This section locks the test before observation. The next section describes the blinded analysis and audit procedures that preserve this commitment during data processing.
14. Blinded Analysis
14.1 Blinded η labels
Blinded analysis reduces the risk that expectation influences curve fitting, data exclusion, or interpretation. In the preferred implementation, η labels should be blinded or partially masked during visibility extraction and initial quality review. The analyst may process interference data and estimate visibility without knowing whether a given setting lies inside or outside N(η_c).
Blinding is especially important because the predicted CBR signature is localized. If the analyst knows which points fall near η_c, ordinary discretion in fitting, binning, or outlier handling could unintentionally bias the result.
14.2 Locked analysis pipeline
The analysis pipeline must be locked before unblinding. This includes visibility extraction, background subtraction, fitting procedure, uncertainty estimation, η uncertainty propagation, nuisance-envelope application, model-selection calculation, and evaluation of T and T_c.
The pipeline must treat all η settings consistently. Any exceptional handling of a data point must be justified by pre-registered criteria, not by whether the point supports or weakens the CBR prediction.
14.3 No post-hoc η_c selection
η_c cannot be selected after observing V_obs(η). Post-hoc selection of η_c would make the model too flexible, allowing any localized fluctuation to be reinterpreted as the predicted transition.
If the theory allows uncertainty in η_c, the allowed window must be fixed in the pre-registration protocol. The statistical decision rule must then account for that window through the multiple-comparison correction.
14.4 No post-hoc curve fitting
The CBR term L(η) cannot be fitted freely after data inspection. Its allowed form, localization, minimum size ε, and relation to η_c must be specified before interpretation.

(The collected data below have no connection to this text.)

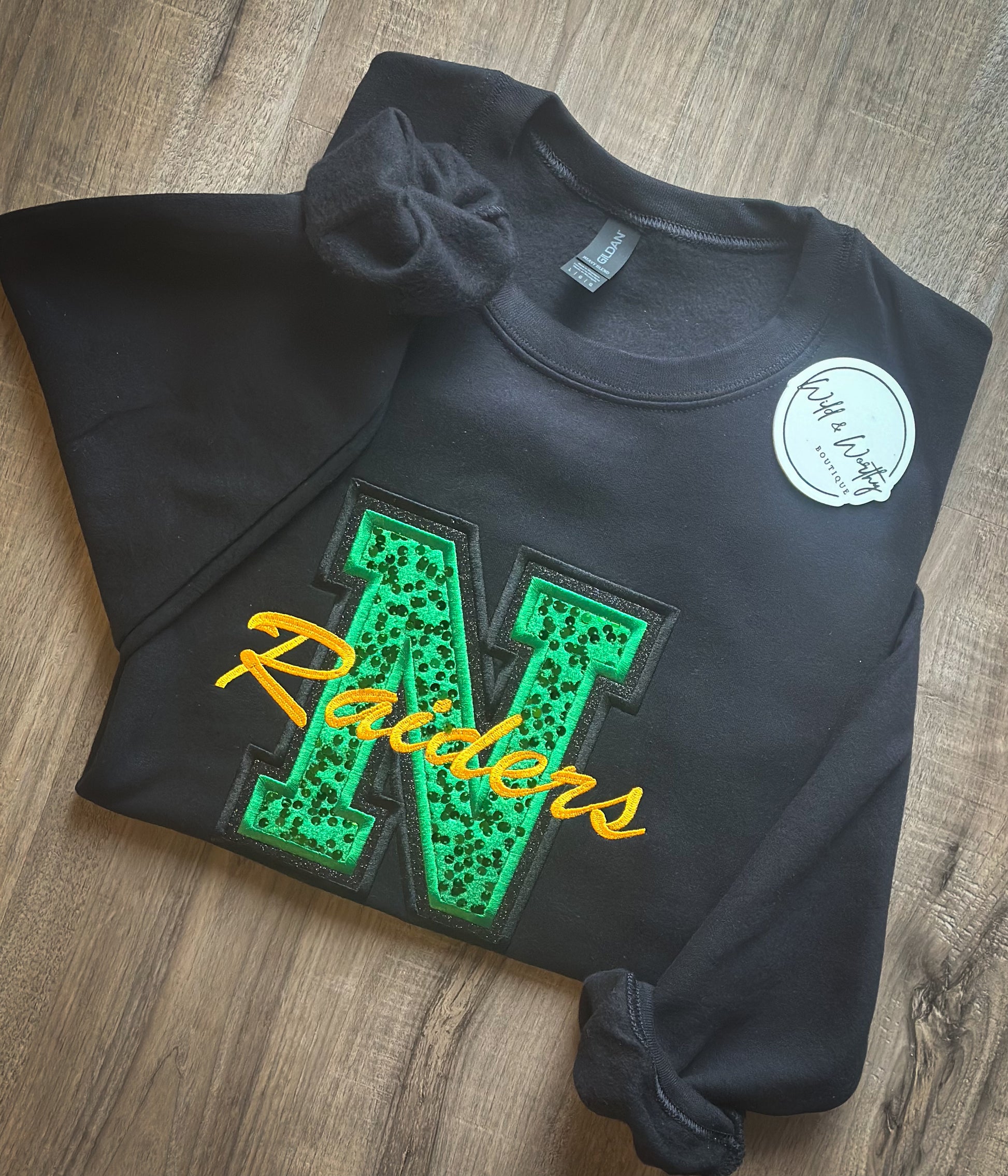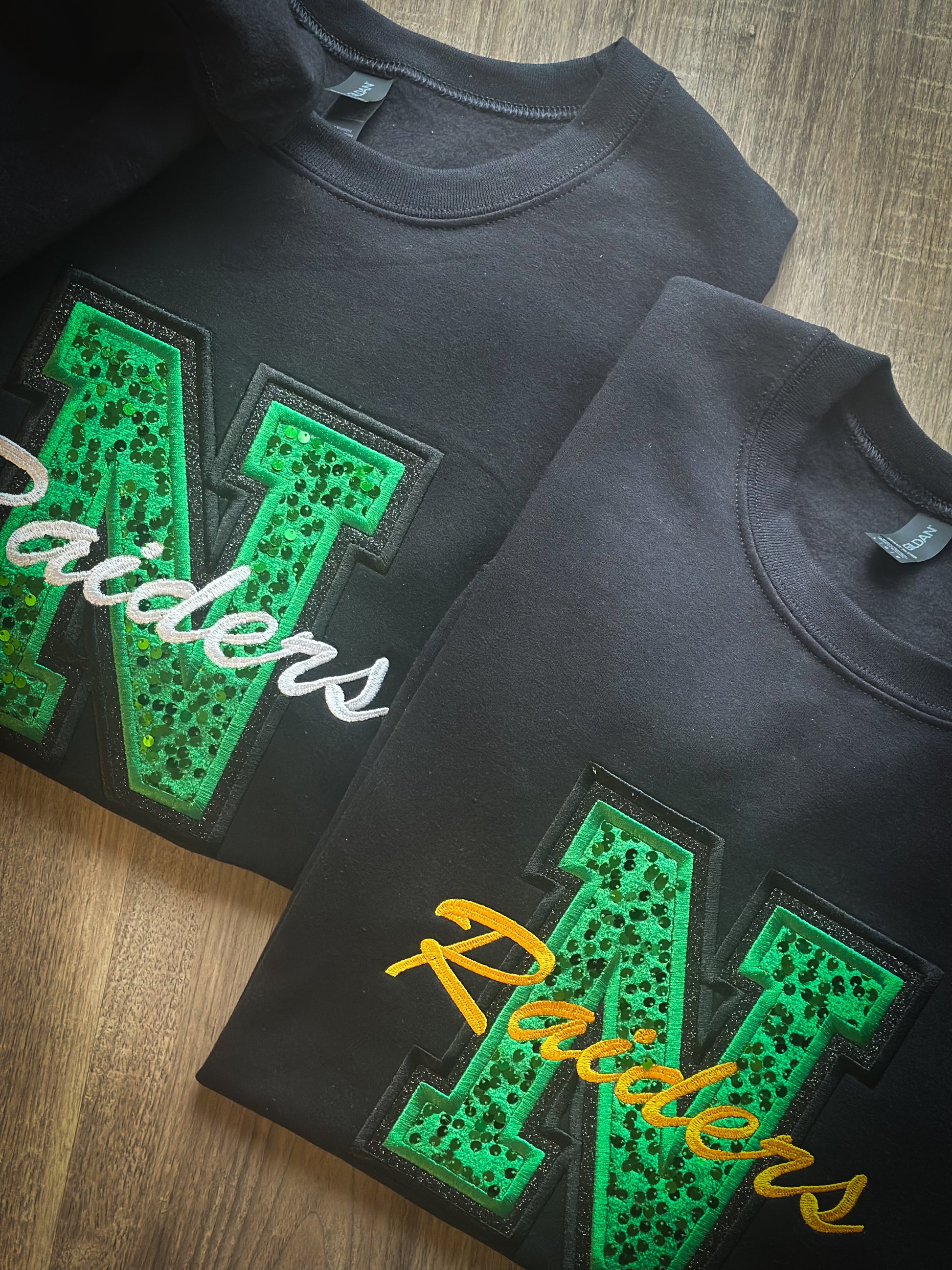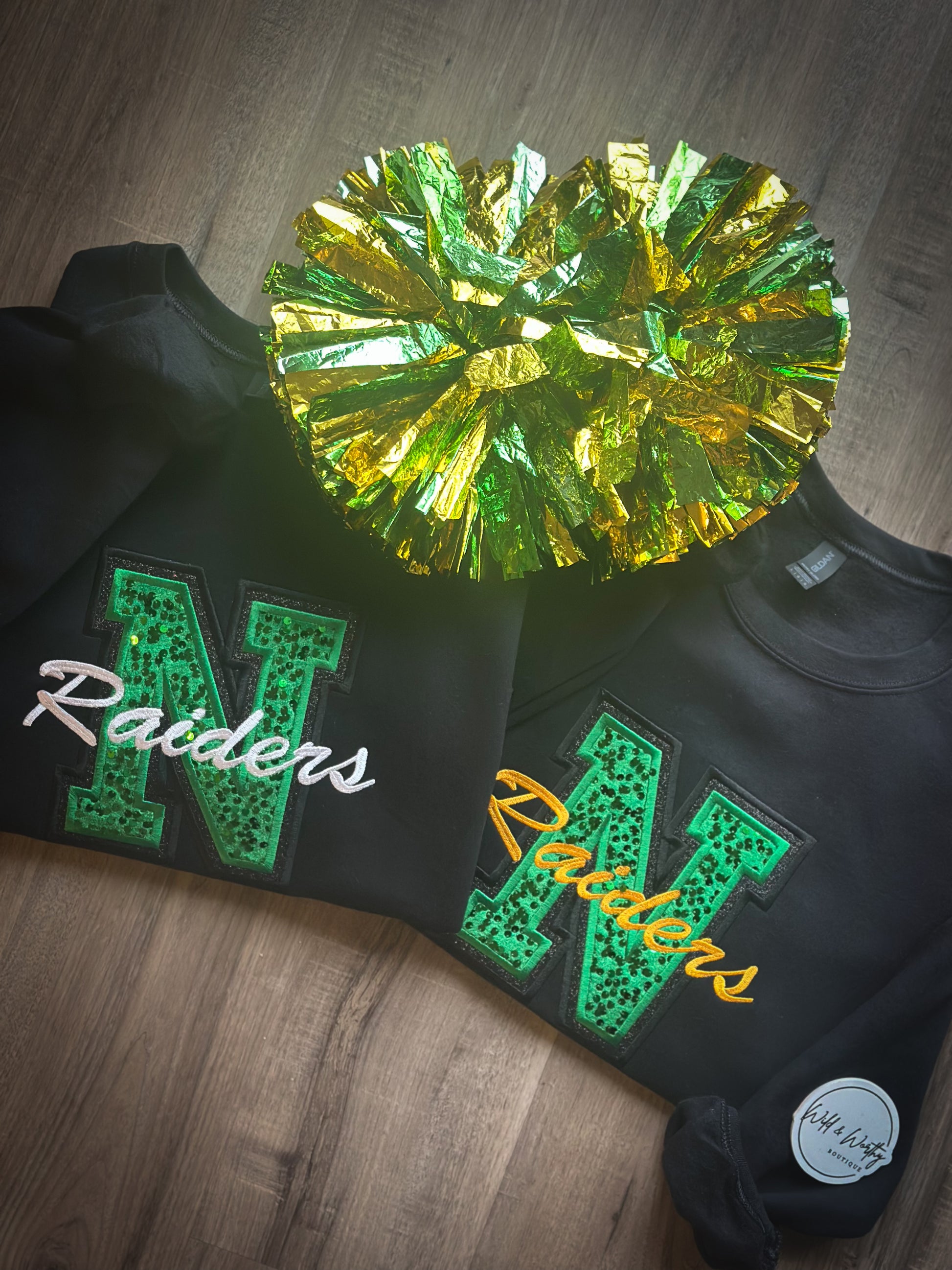 Bring the spirit and the sparkle. This varsity-style crew features luxe green sequin velvet panels paired with bold black glitter HTV for that perfect mix of glam + edge. “Raiders” hits across the center in crisp white or classic gold, making it pop whether you’re under the lights or in the stands. Cozy, statement-making, and guaranteed to turn heads—this crew was made for game days, pep rallies, and repping your team in style.
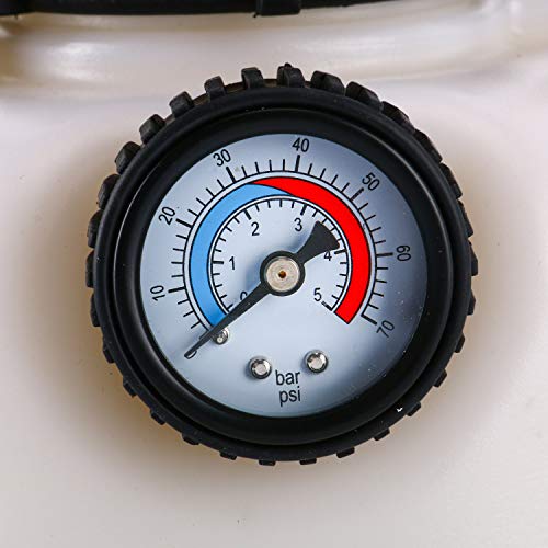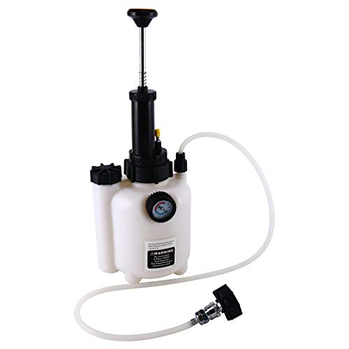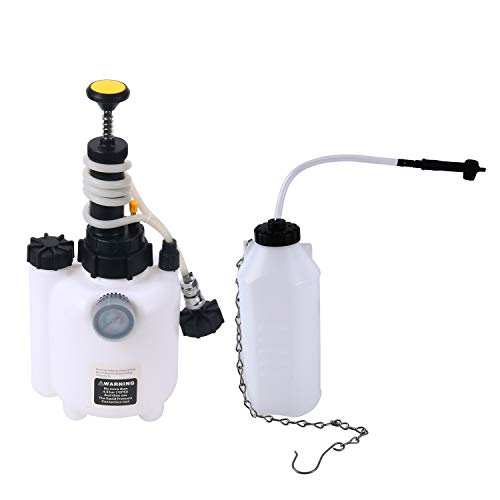 Specifiche tecniche: Materiale: plastica PE Pressione di esercizio: 2 bar / 30 psi Max. Pressione: 4,8 bar / 70 psi Capacità spurgo freni: 3L; ---- Capacità bottiglia: 1L Manometro 0-70psi (0 -5bar) con adattatore E20 Procedura di riempimento: 1. Assicurarsi che non rimanga pressione nel dispositivo. La pressione può essere rilasciata dalla valvola approvata sul lato della pompa. 2. Rimuovere il tappo sulla parte superiore dell'unità e riempire l'unità con nuovo liquido freni. Assicurarsi che non vi siano liquidi di scarto o corpi estranei nel serbatoio. Funzionamento: 1. Installare l'adattatore sul cilindro principale del sistema frenante. 2. Pompare la maniglia del dispositivo su e giù fino a raggiungere la pressione di spurgo consigliata. Aprire il nipplo del freno e collegarlo al serbatoio di sfiato appropriato. Quando vedi il nuovo liquido entrare nel contenitore, chiudi il capezzolo. Ripeti il processo su tutte e 4 le ruote (in qualsiasi ordine). 3. Quando il liquido dei freni scorre, chiedi a un aiutante di premere il pedale del freno mentre guardi il fluido che scorre attraverso il tubo trasparente. Più di qualche colpo può drenare il serbatoio del cilindro principale, quindi ricorda di continuare a controllarlo e riempirlo, se necessario.4. Al termine del processo, scaricare la pressione spingendo verso il basso la valvola di scarico sul lato della pompa. Dopo la disconnessione, scollegare il tubo di alimentazione del fluido dall'adattatore sul cilindro principale.
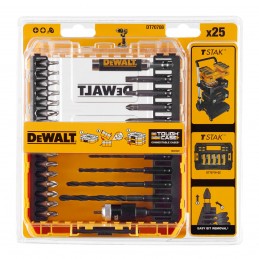Embouts 25mm: Ph2 x2, Pz2 x5, Pz3 x2, T10 x1, T15 x1, T20 x1, T25 x2, T30 x1? Embouts 50mm: Ph2 x1, Pz2 x1, T25 x1, T30 x1? Forets métal: 3mm x1, 4mm x1, 5mm x1, 6mm x1? te-embouts compact? Guide magnétique compact? Porte-embouts magnétique Retrait de l'embout facile et maintien assuré pendant l'utilisation. Verrouillage d'embout pour éviter leur perte quand ils ne sont pas en utilisation Pointe de l'embout optimisée pour plus de précision Tête de l'embout conçue pour éviter les dérapages pendant le vissage Inclus un guide de vissage allongé pour plus de stabilité et de contrôle, un porte-embouts et une sélection d'embouts hexagonaux et de forets métal Compatible TSTAK pour garder tous vos coffrets d'accessoires au même endroit Le coffret contient: Embouts 25mm: Ph2 x2, Pz2 x5, Pz3 x2, T10 x1, T15 x1, T20 x1, T25 x2, T30 x1 Embouts 50mm: Ph2 x1, Pz2 x1, T25 x1, T30 x1 Forets métal: 3mm x1, 4mm x1, 5mm x1, 6mm x1 Guide magnétique compact Porte-embouts compact Accessoires indispensables pour votre perceuse visseuse DEWALT
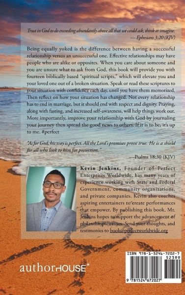 Being equally yoked is the difference between having a successful relationship versus an unsuccessful one. Effective relationships may have people who are alike or opposites. If you care about someone and you are unsure what to ask from God, this book will provide you with fourteen biblically based spiritual scripts, which will elevate you and your loved one out of a broken situation. Speak or read these scriptures to your situation with confidence each day until you have them memorized. Then reflect on how your situation has changed. Not every relationship has to end in marriage, but it should end with respect and dignity. Praying, along with fasting and increased self-awareness, will help things work out. More importantly, improve your relationship with God by journaling your journey, then spread the good news to others.

Post-hoc curve fitting is especially dangerous because many nuisance effects can produce local structure in visibility data. A candidate signature must not be defined as whatever residual remains after fitting V_SQM(η). It must be a pre-specified deviation class evaluated against locked thresholds.
14.5 Audit trail
The experiment must maintain a timestamped audit trail documenting exclusions, recalibrations, failed runs, source instabilities, code changes, threshold changes, parameter freezes, and the unblinding sequence.
Any deviation from the pre-registered protocol must be documented and justified. If the deviation affects η, η_c, δ, ε, V_SQM(η), Δ_nuisance(η), σ_total(η), T, T_c, or the model-selection rule, the result should be downgraded to exploratory unless the change was specified in advance.
14.6 Independent replication package
The analysis should produce a replication package containing the fixed V_SQM(η), η calibration procedure, nuisance-envelope construction, visibility extraction code or algorithmic description, simulation and power-analysis outputs, decision thresholds, audit log, and artifact-control outcomes.
The purpose of the replication package is to make the result inspectable. Whether the outcome is positive, null, or inconclusive, an independent group should be able to determine how η was assigned, how V_obs(η) was extracted, how Δ_nuisance(η) was built, how T_c was evaluated, and whether the strong-null standard was actually met.
This section protects the analysis from post-hoc flexibility. The next section addresses the rival explanations that must be eliminated before any deviation can be interpreted as a CBR-type accessibility signature.
15. Rival Explanation Elimination
15.1 Ordinary decoherence
Ordinary decoherence is the primary rival explanation. If observed visibility behavior can be modeled by standard decoherence, distinguishability, environmental coupling, imperfect erasure, or known apparatus effects, then no CBR-type accessibility term is required.
A candidate CBR signature must therefore exceed:
V_SQM(η) ± Δ_nuisance(η)
inside N(η_c). It must not merely show reduced visibility. Visibility loss alone is expected under standard quantum mechanics when which-path information or decoherence increases.
15.2 Idler loss
Idler loss can reduce accessible which-path information and alter coincidence statistics. It can therefore mimic changes in η while producing ordinary visibility artifacts.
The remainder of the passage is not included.